There is no distinction as to right of state to regulate marriage and divorce between marriages performed in church by minister and those performed outside church by a judge, and thus this section was constitutionally applied to Christian marriage performed in church by a minister based on husband's testimony and court's finding that marriage had become insupportable because of discord and conflict of personalities and that there was no reasonable expectation of any reconciliation. Trickey v. Trickey (App. 2 Dist. 1982) 642 S.W.2d 47, dismissed.
It was intent of legislature to make decree of divorce mandatory when party to marriage alleges insupportability and establishes statutory elements, regardless of who is at fault, and as such, when dissolution of marriage is sought solely on ground of insupportability, evidence of fault becomes irrelevant as analytical construct and may not be considered by trial court in its just and right division of community estate. Phillips v. Phillips (App. 9 Dist. 2002) 75 S.W.3d 564.
Purpose of legislature in enacting this section was to abolish necessity of presenting sordid and ugly details of conduct on the part of either spouse in order to obtain a decree of divorce. Baxla v. Baxla (Civ.App. 1975) 522 S.W.2d 736.
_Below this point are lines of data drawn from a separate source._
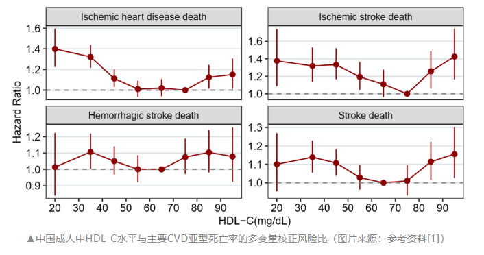 結(jié)果顯示,低HDL-C和高HDL-C均與死亡風(fēng)險(xiǎn)增加相關(guān)。該研究推薦50 mg/dL~79 mg/dL作為中國成人HDL-C的最佳范圍。正確管理低HDL-C和高HDL-C,可給血脂異?;颊邘慝@益。論文指出:“該研究是第一個(gè)在近340萬中國成人中全面評(píng)估HDL-C與全因死亡率和病因特異性死亡率之間關(guān)系的研究”。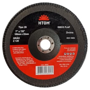 - Marca: HTOM - Referência: HTOM-40582 - Diâmetro externo: 7 Pol. 180mm - Diâmetro do furo: 7/8' - 22 mm - Tamanho do grão abrasivo: grão 120 - Material: Zircônia - Indicado para desbaste e acabamento em aço inox, alumínio, metais ferrosos e não ferrosos com esmerilhadeiras angulares - Permite atividades de desbaste e acabamento ao mesmo tempo, eliminando a troca de discos - Proporciona menor vibração e ruído comparado com o disco de desbaste convencional - Seu formato cônico permite um melhor aproveitamento do disco aumentando o rendimento - Tipo de costado: fibra - Tipo do perfil do disco de desbaste/acabamento flap-disc: cônico - Rotação máxima rpm : 13300 rpm - Velocidade periférica: 80 m/s - Norma de referência: Abnt Nbr 14960 - Peso bruto: 120 gramas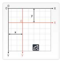 如上图所示:左上角为原点,水平往右为 X 轴的正坐标延伸,垂直向下为 Y 轴的正坐标延伸;
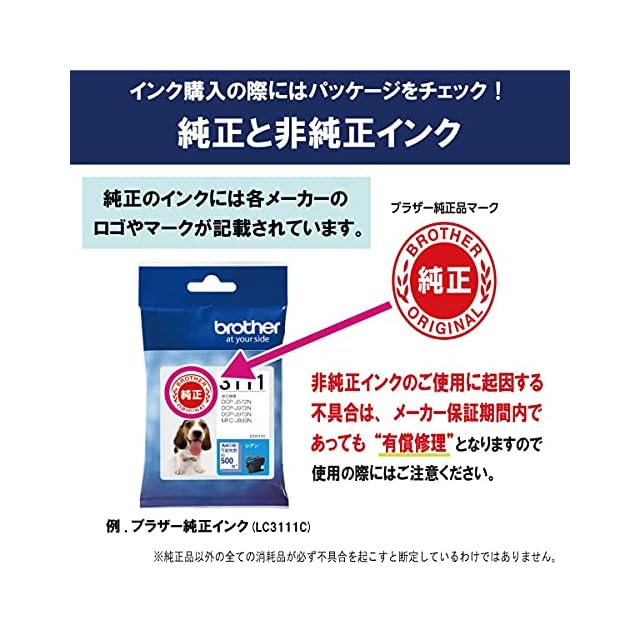 ブラザー純正インクは製品本体の性能を十分に発揮するために研究を重ね、開発されています。非純正インクをお使いになりますと製品本体の性能を十分に発揮できないだけでなく製品本体を損傷させる可能性がありますのでご注意ください。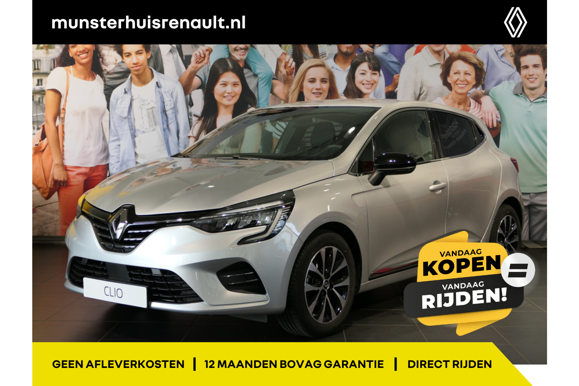 Bij deze auto adverteren wij met de slogan ‘Vandaag kopen = vandaag rijden’.

It is not error for a Texas court rendering a decree of divorce to apply the no-fault divorce law of Texas although the marriage dissolved was celebrated in a sister state and the law of the sister state at time of marriage did not provide for no-fault divorce. Hopkins v. Hopkins (Civ.App. 1976) 540 S.W.2d 783.
In divorce suit, court did not err in applying new no fault divorce law (this section), despite contention that law in effect at time of marriage in sister state should be applied in determining right to divorce. Smitheal v. Smitheal (Civ.App. 1975) 518 S.W.2d 842, dismissed w.o.j., certiorari denied 96 S.Ct. 277, 423 U.S. 928, 46 L.Ed.2d 256.
In divorce suit, even if the court applied wrong law in determining whether husband was entitled to divorce, prejudicial error was not shown, where wife also asked to be divorced and urged grounds which were grounds for divorce under old law, court granted wife divorce and also granted husband a "no fault" divorce which also terminated marriage. Id.
Decree of divorce is absolute in Texas from its entry, unless set aside or appealed from, so that a provision in decree in Oklahoma, where it is not shown that the law of that state is to the contrary, that the decree shall not be absolute until six months after entry is of no effect in Texas. Vickers v. Faubion (Civ.App. 1920) 224 S.W. 803.